Leave out the pictures and retype exactly the lines from the line with "11月27日,皇冠体育工会在" through the end of the listing below.

· · ·

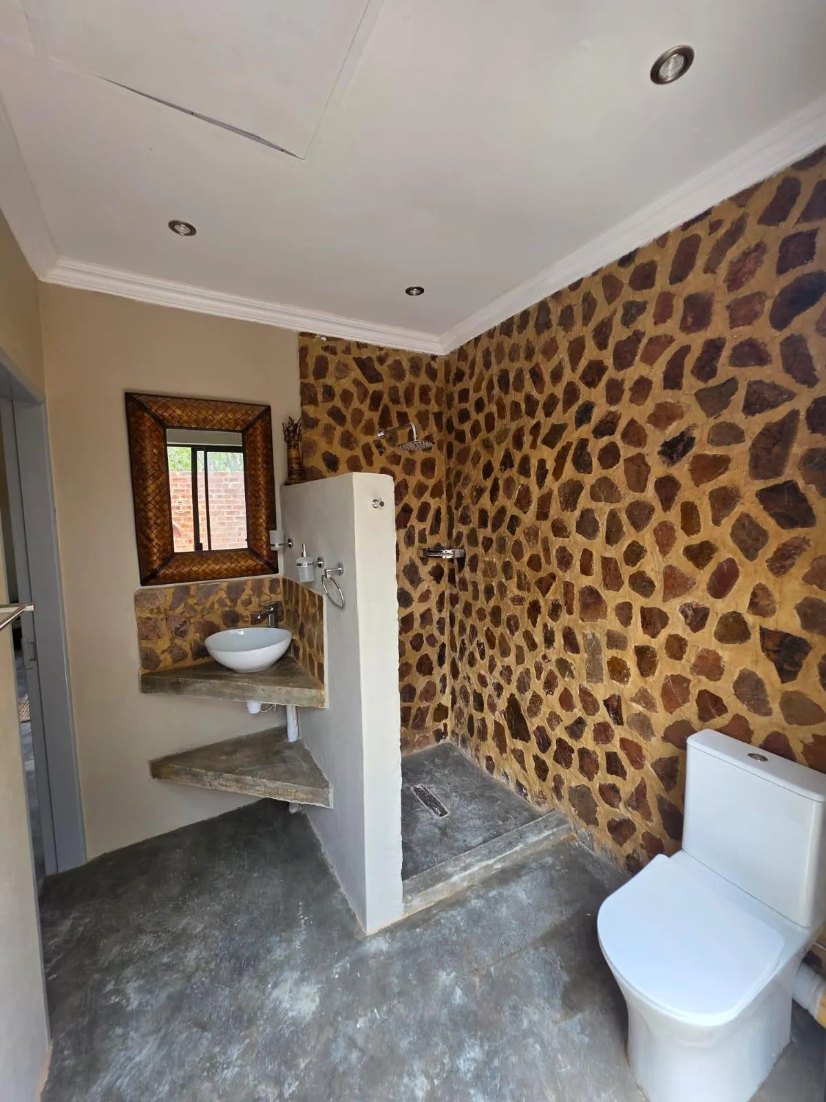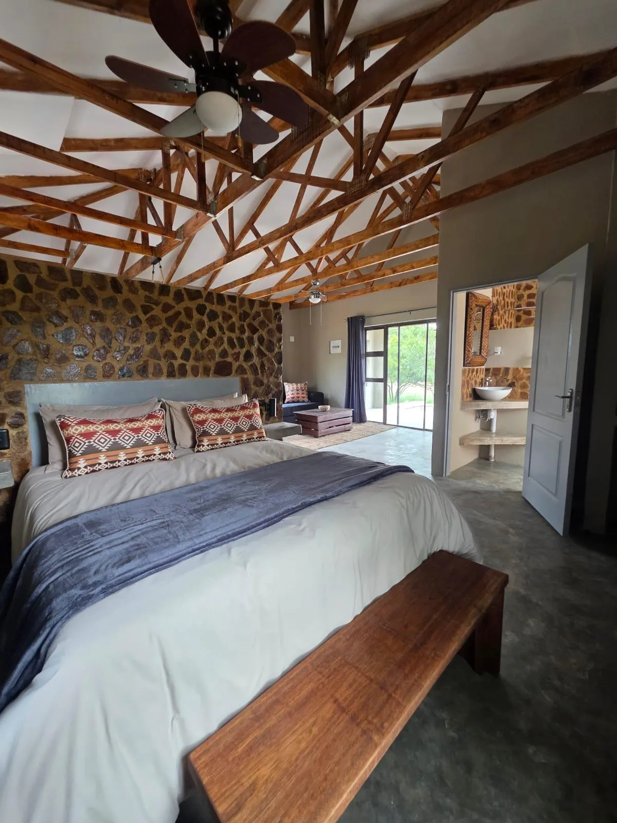 The Semi Off-Grid Bush Cabins offer a rustic yet comfortable retreat in the heart of the bushveld. Rented as a combined unit of three single-room cabins, this setup ensures privacy and seclusion, making it perfect for families or groups.
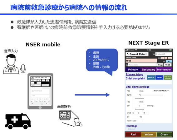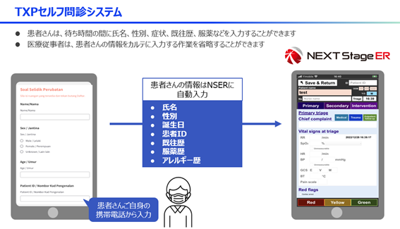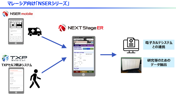 現在マレーシアの実証事業対象病院にて、救急車での搬送にて利用する「NSER mobile」、患者向け問診システムである「TXP Self Assessment System」、病院内でデータを受け取り、電子カルテとの連携・業務支援を行う「NEXT Stage ER」 (以下、NSER) を利用して、救急医療データのワンストップ連携が行われ始めています。
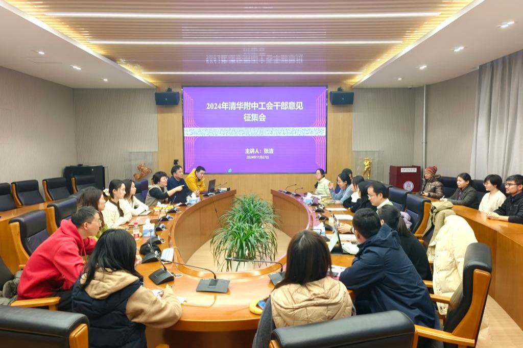 11月27日,皇冠体育工会在成志楼101会议室召开了工会干部意见征集会。工会委员、专职干事和工会小组长共23人参会,会议由附中党委副书记兼工会主席张洁主持。
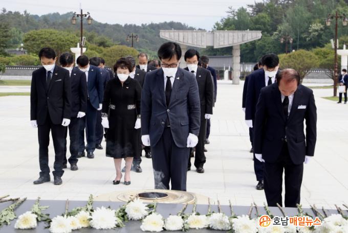 À̰èÁØ Á¤Ã¥±¹ÀåÀº ¹æ¸í·Ï¿¡ ¡°Àü³²ÀÇ Çлýµé ¹ÎÁֽùÎÀ¸·Î Àß ¼ºÀå½ÃŰ°Ú½À´Ï´Ù.¡±¶ó´Â ±ÛÀ» ³²°å´Ù. Âü¹è¿¡ ÇÔ²² ÇÑ °£ºÎµéÀº ¡°5.18¹ÎÁÖȿÀÇ ¿ª»ç¼º°ú ÂüÀǹ̸¦ µÇµ¹¾Æº¸°í, ±¤ÁÖÀÇ ¹ÎÁÖ.ÀαÇ.ÆòÈ Á¤½ÅÀÌ ¿ÂÀüÈ÷ ´ã±æ ¼ö ÀÖ´Â ±³À°À» À§ÇØ ³ë·ÂÇÒ °ÍÀ» ´ÙÁüÇÏ´Â ½Ã°£ÀÌ µÆ´Ù.¡±°í ¸»Çß´Ù.
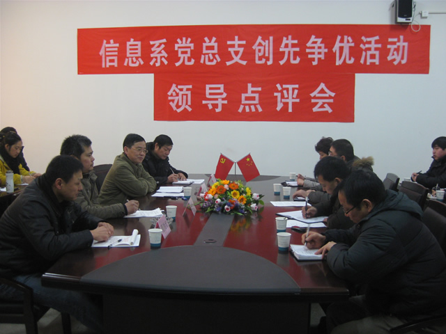 首先程洪斌书记就信息系党总支创先争优前段时期的工作作了汇报,听取报告后院长李柱梁同志对信息系创先争优活动进行了现场点评。

· · ·

• Finished task
 11月27日,皇冠体育工会在成志楼101会议室召开了工会干部意见征集会。工会委员、专职干事和工会小组长共23人参会,会议由附中党委副书记兼工会主席张洁主持。
 À̰èÁØ Á¤Ã¥±¹ÀåÀº ¹æ¸í·Ï¿¡ ¡°Àü³²ÀÇ Çлýµé ¹ÎÁֽùÎÀ¸·Î Àß ¼ºÀå½ÃŰ°Ú½À´Ï´Ù.¡±¶ó´Â ±ÛÀ» ³²°å´Ù. Âü¹è¿¡ ÇÔ²² ÇÑ °£ºÎµéÀº ¡°5.18¹ÎÁÖȿÀÇ ¿ª»ç¼º°ú ÂüÀǹ̸¦ µÇµ¹¾Æº¸°í, ±¤ÁÖÀÇ ¹ÎÁÖ.ÀαÇ.ÆòÈ Á¤½ÅÀÌ ¿ÂÀüÈ÷ ´ã±æ ¼ö ÀÖ´Â ±³À°À» À§ÇØ ³ë·ÂÇÒ °ÍÀ» ´ÙÁüÇÏ´Â ½Ã°£ÀÌ µÆ´Ù.¡±°í ¸»Çß´Ù.
 首先程洪斌书记就信息系党总支创先争优前段时期的工作作了汇报,听取报告后院长李柱梁同志对信息系创先争优活动进行了现场点评。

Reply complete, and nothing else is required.